Your goal: Return each line exactly, beginning with the one that has "Ceramics are inorganic, nonmetallic" and finishing with the final line of the material. Drop any pictures.
:: Data excerpt ::
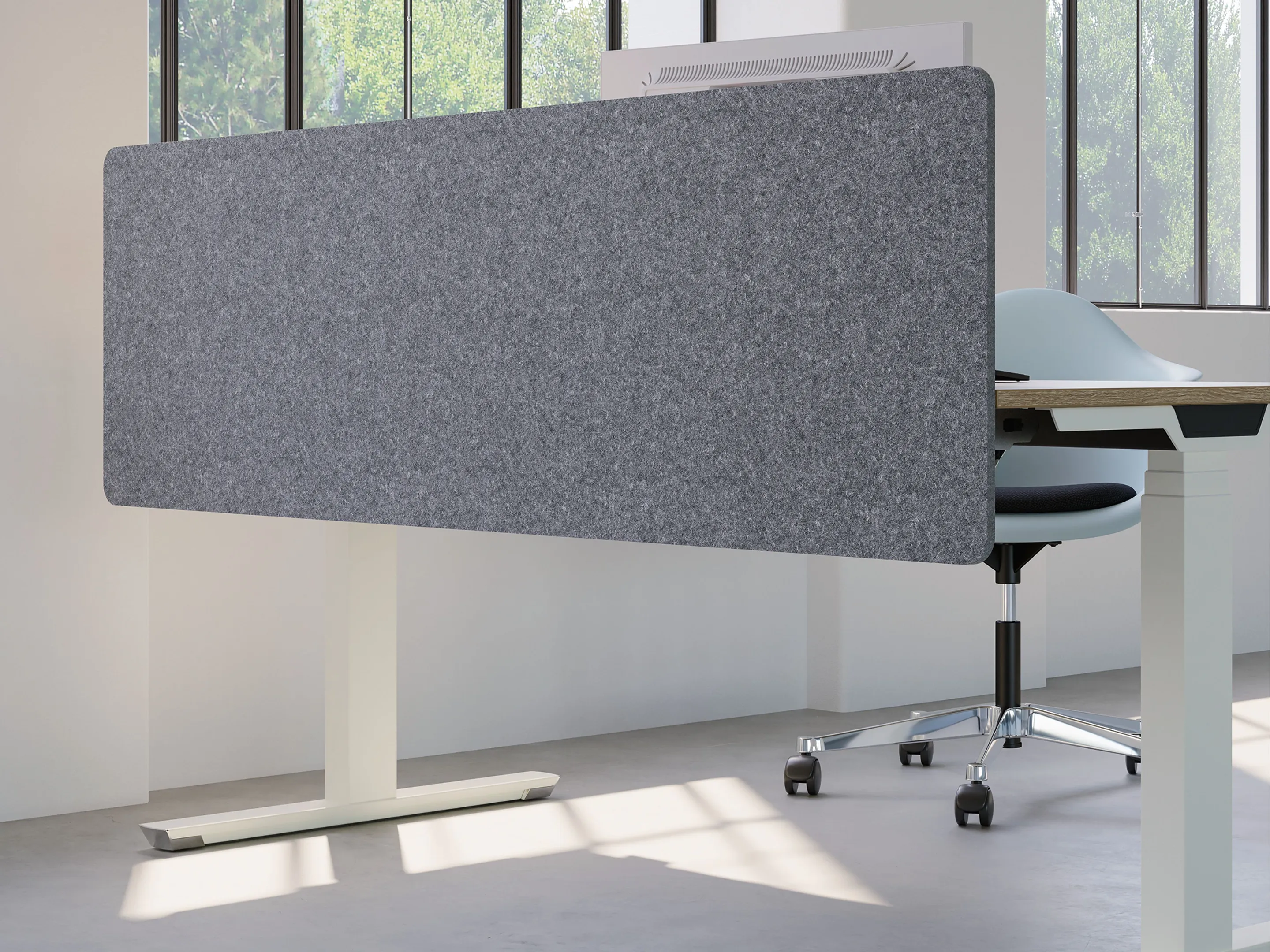 Complete screen inclusief bureaublad bevestiging. De wanden hebben overstek ten opzichte van de bladen (fly-over gemonteerd) van 117mm. Afmeting: 1000 x 400 x 12mm (BxDxH)
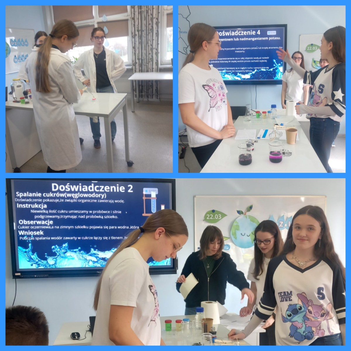 Dużym zainteresowaniem cieszyły się również pokazy doświadczeń chemicznych związanych z wodą, przygotowane i przeprowadzone przez uczennice. Podczas eksperymentów uczniowie mogli zobaczyć m.in. właściwości wody jako rozpuszczalnika, zjawisko dyfuzji oraz mogli przekonać się o obecności wody w węglowodanach. Pokazy były nie tylko efektowne, ale także pouczające i zachęcały do samodzielnego odkrywania tajników nauki. Zajęcia zostały przeprowadzone nie tylko dla kolegów i koleżanek ze szkoły, ale również dla przedszkolaków, których gościliśmy w naszej szkole.
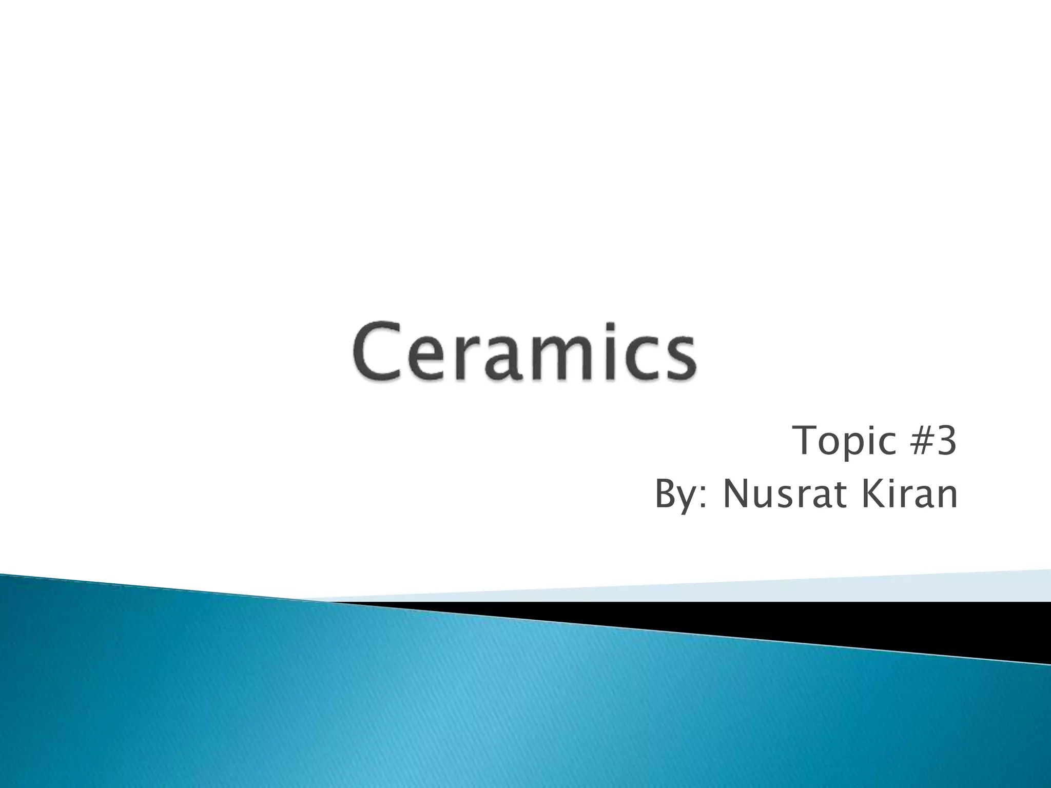 Ceramics are inorganic, nonmetallic solids produced at high temperatures, classified into traditional and advanced categories. Traditional ceramics include pottery, whiteware, earthenware, stoneware, chinaware, and porcelain, each with specific applications. Advanced ceramics are made from refined materials and designed for specialized properties and applications, including electrical, mechanical, and thermal uses.
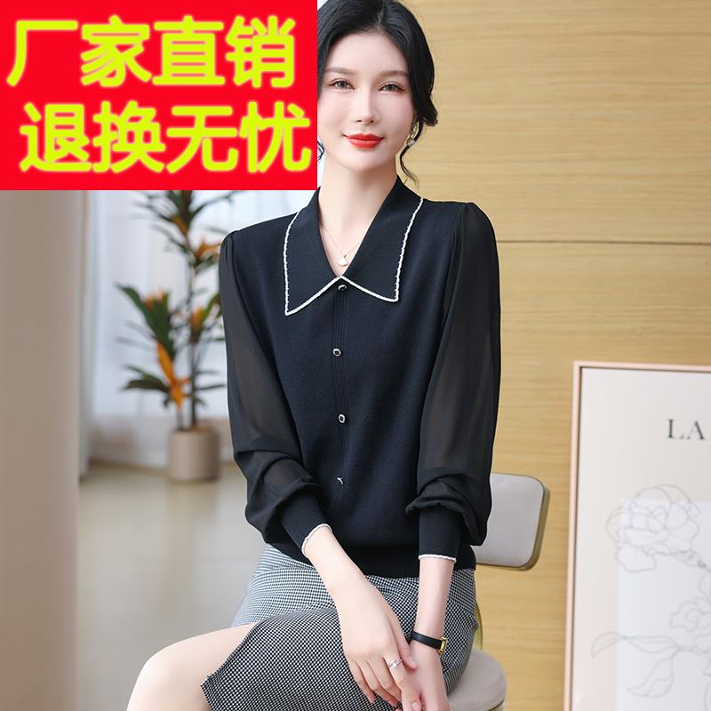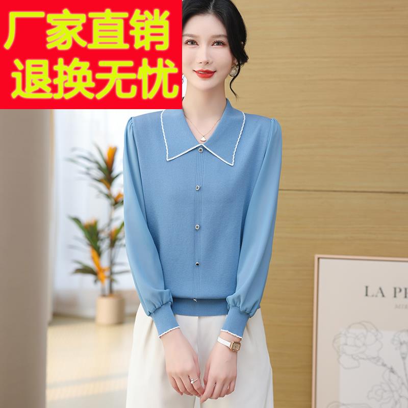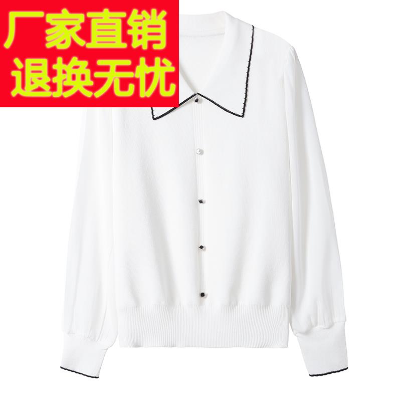 时尚娃娃领针织衫女春装新款打底衫显瘦冰丝小衫百搭上衣短款薄款
:::
Result below:
 Ceramics are inorganic, nonmetallic solids produced at high temperatures, classified into traditional and advanced categories. Traditional ceramics include pottery, whiteware, earthenware, stoneware, chinaware, and porcelain, each with specific applications. Advanced ceramics are made from refined materials and designed for specialized properties and applications, including electrical, mechanical, and thermal uses.
 时尚娃娃领针织衫女春装新款打底衫显瘦冰丝小衫百搭上衣短款薄款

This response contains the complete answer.